Stored items from a collection:
=== Begin Enclosure ===

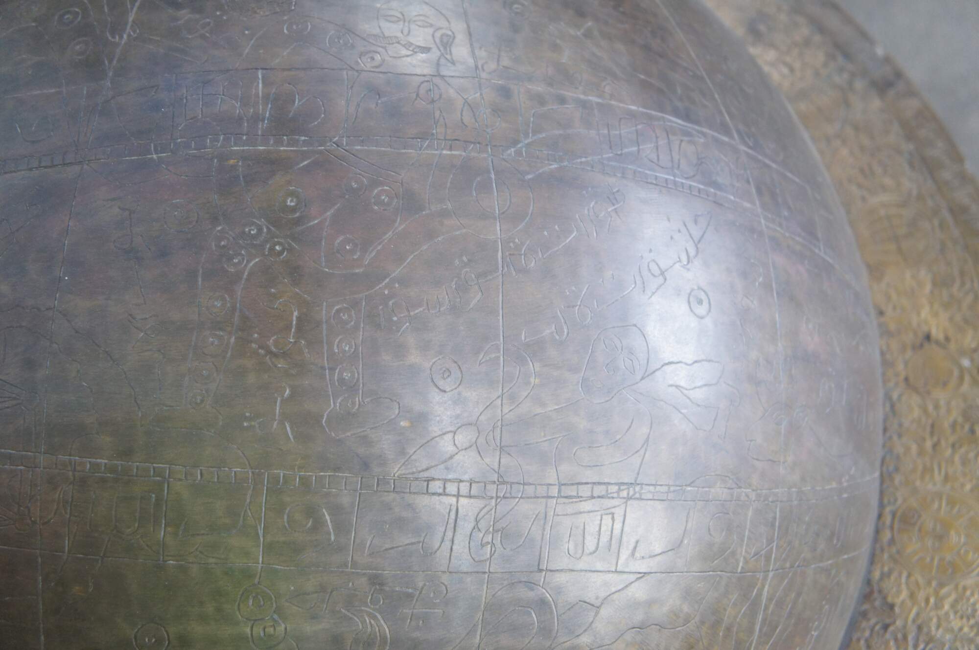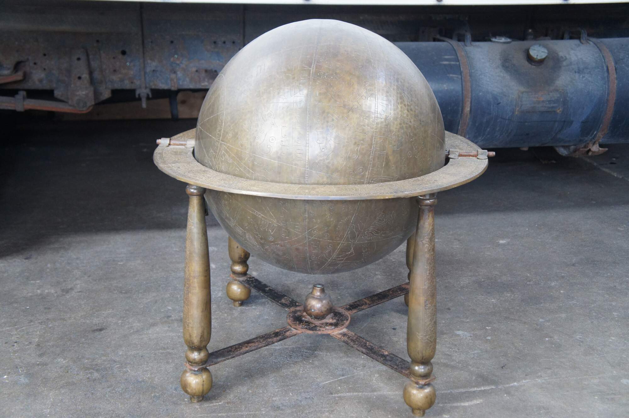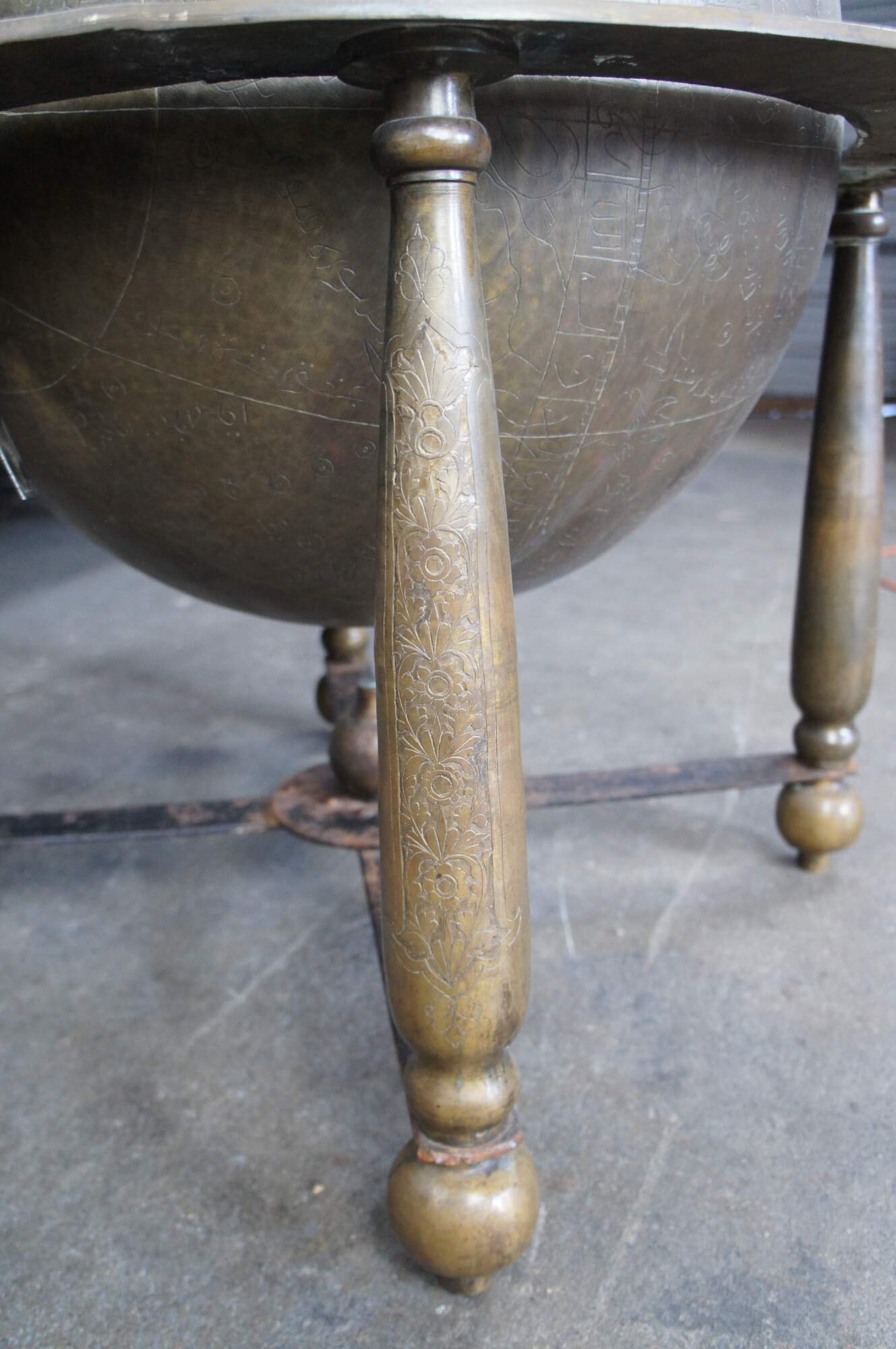 An exceptional large brass Islamic Celestial Globe. The hammered brass sphere constructed from two hemispheres with engraved scales and constellations, pivoted within horizontal ring engraved with the twelve signs of the zodiac, raised on four turned brass legs and stretcher with central finial,
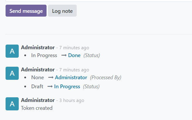 - Processed by – Responsible person handling the token (administrator or person set by the administrator).
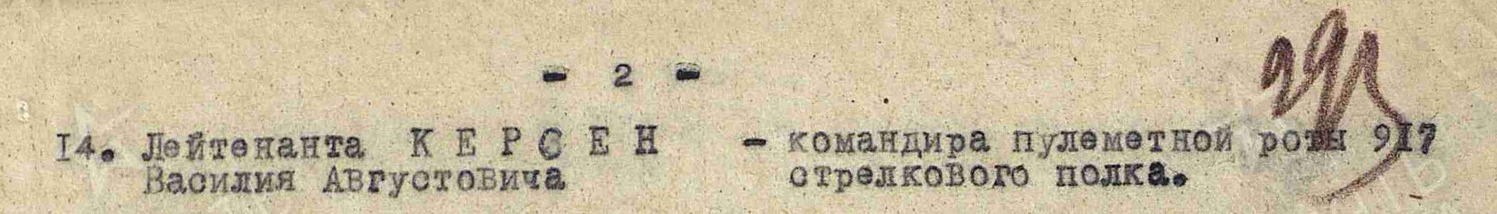 ELK 249. laskurdiviisi 917. laskurpolgu kuulilpildujaroodu komandöri, leitnant Vassili Augusti p. Kersen'i autasud.
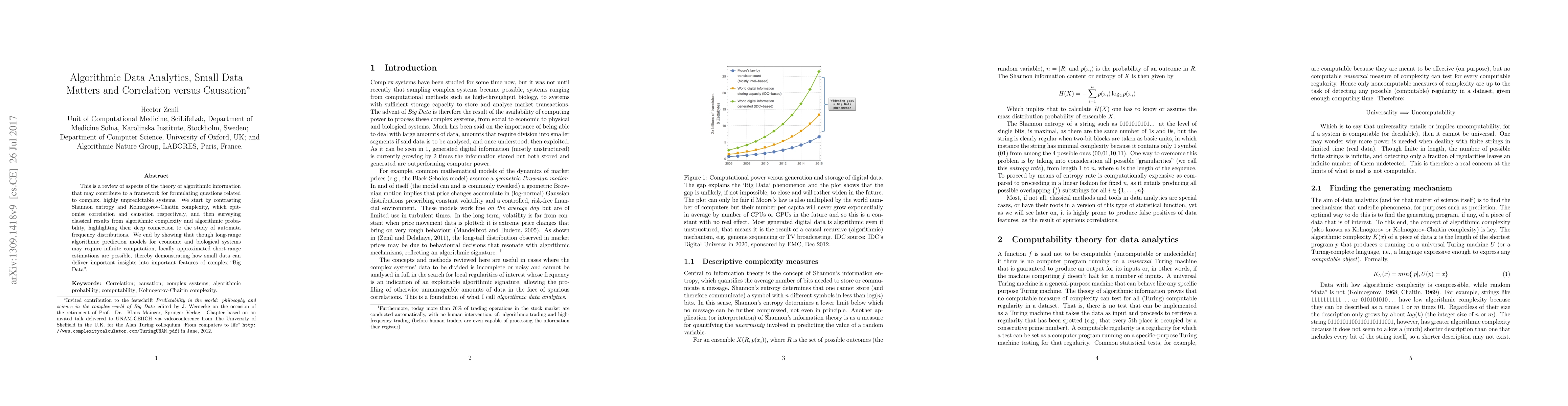 This is a review of aspects of the theory of algorithmic information that may contribute to a framework for formulating questions related to complex highly unpredictable systems. We start by contrasting Shannon Entropy and Kolmogorov-Chaitin complexity epitomizing the difference between correlation and causation to then move onto surveying classical results from algorithmic complexity and algorithmic probability, highlighting their deep connection to the study of automata frequency distributions. We end showing how long-range algorithmic predicting models for economic and biological systems may require infinite computation but locally approximated short-range estimations are possible thereby showing how small data can deliver important insights into important features of complex "Big Data".
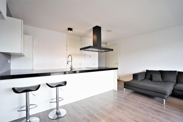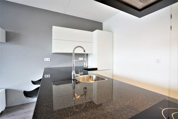 De lichte woonkamer is gelegen aan de voorzijde van het complex en beschikt over grote raampartijen en openslaande deuren naar het zonnige balkon van circa 11 m², gelegen op het zuidwesten. De luxe open keuken is modern uitgevoerd en voorzien van een schiereiland met kook- en spoelgedeelte en diverse inbouwapparatuur, waaronder een inductiekookplaat, vaatwasser, combimagnetron, afzuigkap en een koelkast met drie-ladenvriezer. Daarnaast is er volop kastruimte aanwezig.

=== End Enclosure ===

# [TRY IT]
Make an exact copy of the lines above, beginning with the line with "- Processed by" and ending with the line with "ELK 249. laskurdiviisi", and keep the pictures out of it.

# [WRITTEN SOLUTION]
 - Processed by – Responsible person handling the token (administrator or person set by the administrator).
 ELK 249. laskurdiviisi 917. laskurpolgu kuulilpildujaroodu komandöri, leitnant Vassili Augusti p. Kersen'i autasud.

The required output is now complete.